• Question: what is a food chain

    Asked by 293furk43 to Sarah, Kieran, Kathryn, Joanne, Chris on 8 Nov 2017.
    • Photo: Chris Werner

      Chris Werner answered on 8 Nov 2017:


      A very good question, and a very important one! It is links in a food web from producer organisms to predators. Every organism needs something to live on, so best thing rather than making it techy is to give a good example.

      Grass grows, the first ‘trophic level’ on the food chain and the primary producer, then grass gets eaten by a grasshopper, a ‘primary consumer’ and herbivore. Then the grasshopper is eaten by a mouse, a carnivore and another consumer, who is then eaten by a snake, who is then eaten by an eagle. The food chain continues until you reach the top predator, which no-one easts, and a food chain can be long or short. That was a long one!

      A shorter one would be; grass -> antelope -> lion. No-one eats the lion! As grass is eaten by lots of animals this would expand into a food web. It gets larger around the middle and then gets smaller as you approach the top predator.

    • Photo: Sarah Guerin

      Sarah Guerin answered on 8 Nov 2017:


      Yeah Chris explained it well with the Lion-Antelope-Grass example. Humans are also the perfect example- we are at the top of our food chain, we eat animals like cows and chickens, and they eat grass and insects.

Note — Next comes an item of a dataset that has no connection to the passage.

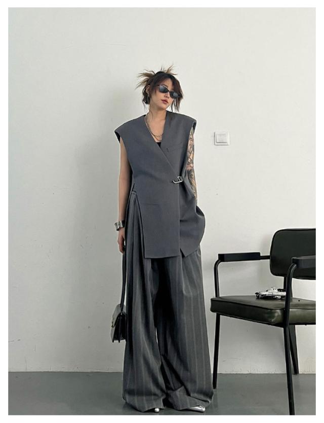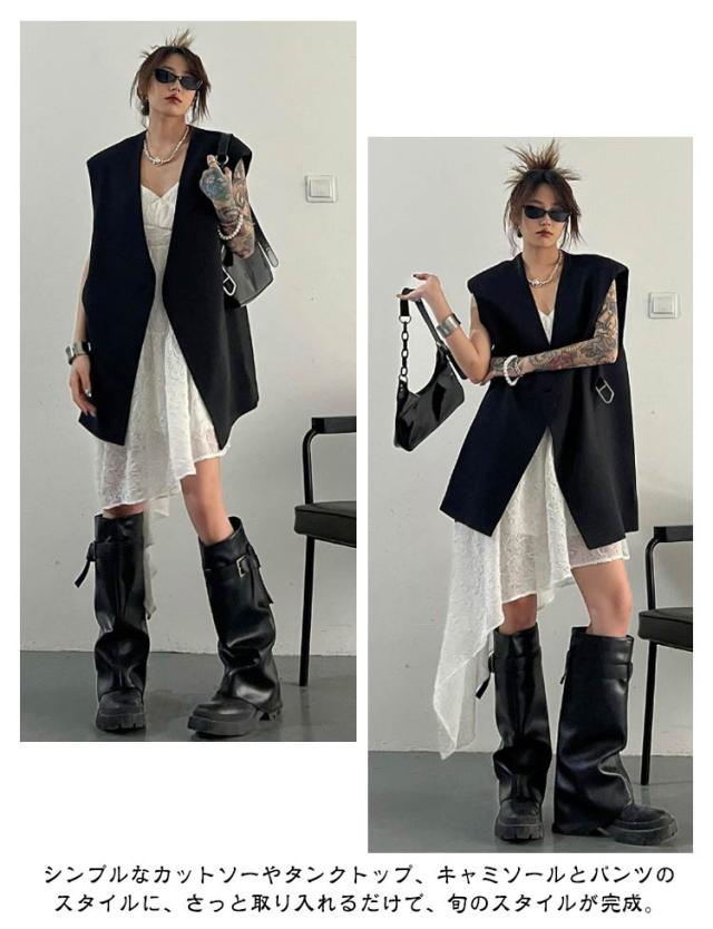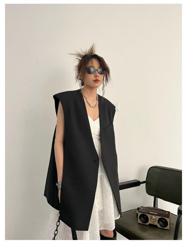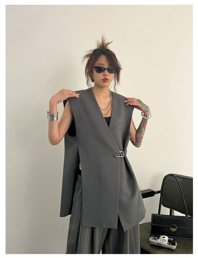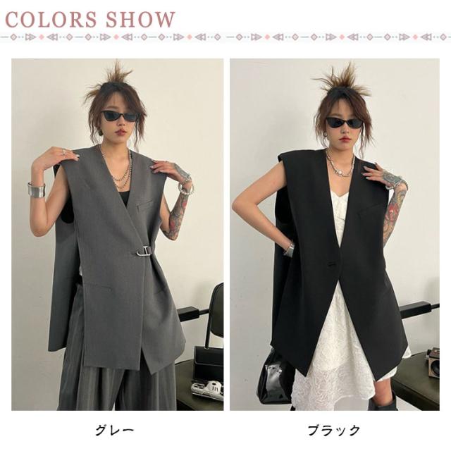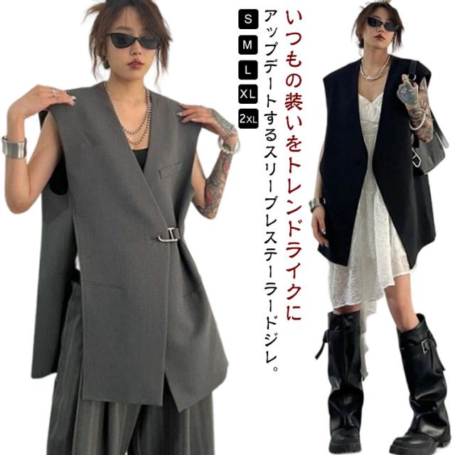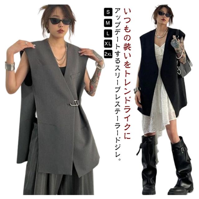 ベスト レディース スーツベスト ロング ロングベスト 春 テーラードベスト ジレ 無地 テーラード ノースリーブ Vネック ジャケット シンプル 羽織り 前開き ジレ カジュアル 通勤 オフィス フォーマル エレガント きれいめ 黒 灰 ブラック グレー 20代 30代

    • Photo: Kathryn Schoenrock

      Kathryn Schoenrock answered on 13 Nov 2017:


      Now that Chris and Sarah have described them I’ll mention that there is actually a really cool way to study food chains called stable isotope analysis. This is where we take a small sample of a plant or animal and see what the ratio of ‘heavy’ vs ‘normal’ atoms of carbon (13C/12 C) and nitrogen (15N/14N) are. We call atoms ‘heavy’ in nature because they have a higher atomic mass (weight is measured in Daltons). They are rarer than the ‘normal’ atoms but stay in tissue of an animal longer so if you look at a plant it will have the lowest ratio, an herbivore would have higher ratios, and a carnivore would have the highest! We also use this type of analysis to look at past climate records in plants and animals with a different atom, oxygen (18O/16O). Its a very cool way to study biology using physics and chemistry!